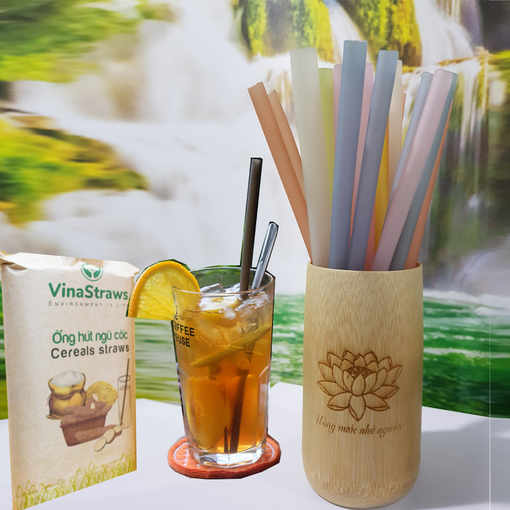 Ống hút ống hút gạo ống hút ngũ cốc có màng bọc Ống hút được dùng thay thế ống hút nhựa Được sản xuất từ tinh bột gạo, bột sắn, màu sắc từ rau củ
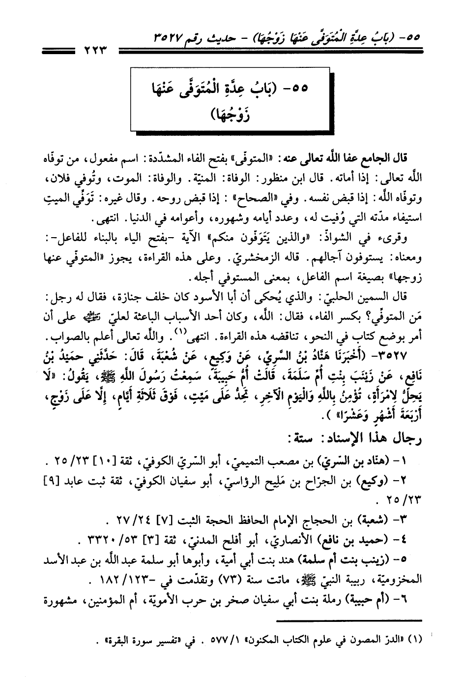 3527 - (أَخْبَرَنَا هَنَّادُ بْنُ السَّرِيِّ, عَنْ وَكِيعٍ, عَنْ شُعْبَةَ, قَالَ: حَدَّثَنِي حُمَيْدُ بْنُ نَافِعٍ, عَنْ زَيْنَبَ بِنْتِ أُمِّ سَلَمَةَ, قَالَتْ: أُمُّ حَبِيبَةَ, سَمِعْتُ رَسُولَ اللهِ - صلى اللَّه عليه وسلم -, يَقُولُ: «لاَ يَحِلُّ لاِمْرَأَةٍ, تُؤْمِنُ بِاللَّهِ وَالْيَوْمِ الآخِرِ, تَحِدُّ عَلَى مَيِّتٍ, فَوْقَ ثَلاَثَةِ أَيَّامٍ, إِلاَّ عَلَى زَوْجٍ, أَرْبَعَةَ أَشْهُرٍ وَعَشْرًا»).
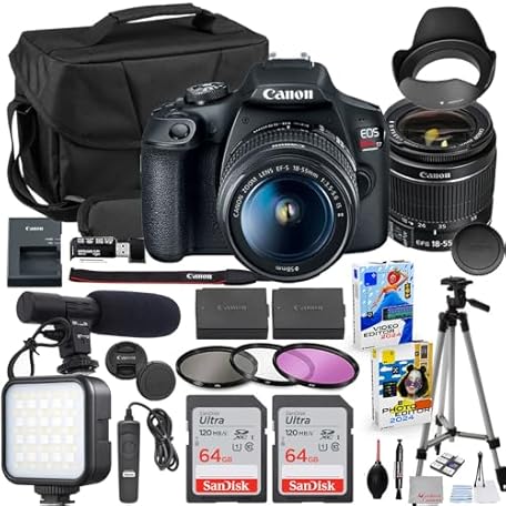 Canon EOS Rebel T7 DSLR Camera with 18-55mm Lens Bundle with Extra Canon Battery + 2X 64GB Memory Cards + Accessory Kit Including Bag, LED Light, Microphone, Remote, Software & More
· · ·
## Task details:
Each line of the data above is to be output exactly; the pictures are not to appear.

## Answer for the task:
 Ống hút ống hút gạo ống hút ngũ cốc có màng bọc Ống hút được dùng thay thế ống hút nhựa Được sản xuất từ tinh bột gạo, bột sắn, màu sắc từ rau củ
 3527 - (أَخْبَرَنَا هَنَّادُ بْنُ السَّرِيِّ, عَنْ وَكِيعٍ, عَنْ شُعْبَةَ, قَالَ: حَدَّثَنِي حُمَيْدُ بْنُ نَافِعٍ, عَنْ زَيْنَبَ بِنْتِ أُمِّ سَلَمَةَ, قَالَتْ: أُمُّ حَبِيبَةَ, سَمِعْتُ رَسُولَ اللهِ - صلى اللَّه عليه وسلم -, يَقُولُ: «لاَ يَحِلُّ لاِمْرَأَةٍ, تُؤْمِنُ بِاللَّهِ وَالْيَوْمِ الآخِرِ, تَحِدُّ عَلَى مَيِّتٍ, فَوْقَ ثَلاَثَةِ أَيَّامٍ, إِلاَّ عَلَى زَوْجٍ, أَرْبَعَةَ أَشْهُرٍ وَعَشْرًا»).
 Canon EOS Rebel T7 DSLR Camera with 18-55mm Lens Bundle with Extra Canon Battery + 2X 64GB Memory Cards + Accessory Kit Including Bag, LED Light, Microphone, Remote, Software & More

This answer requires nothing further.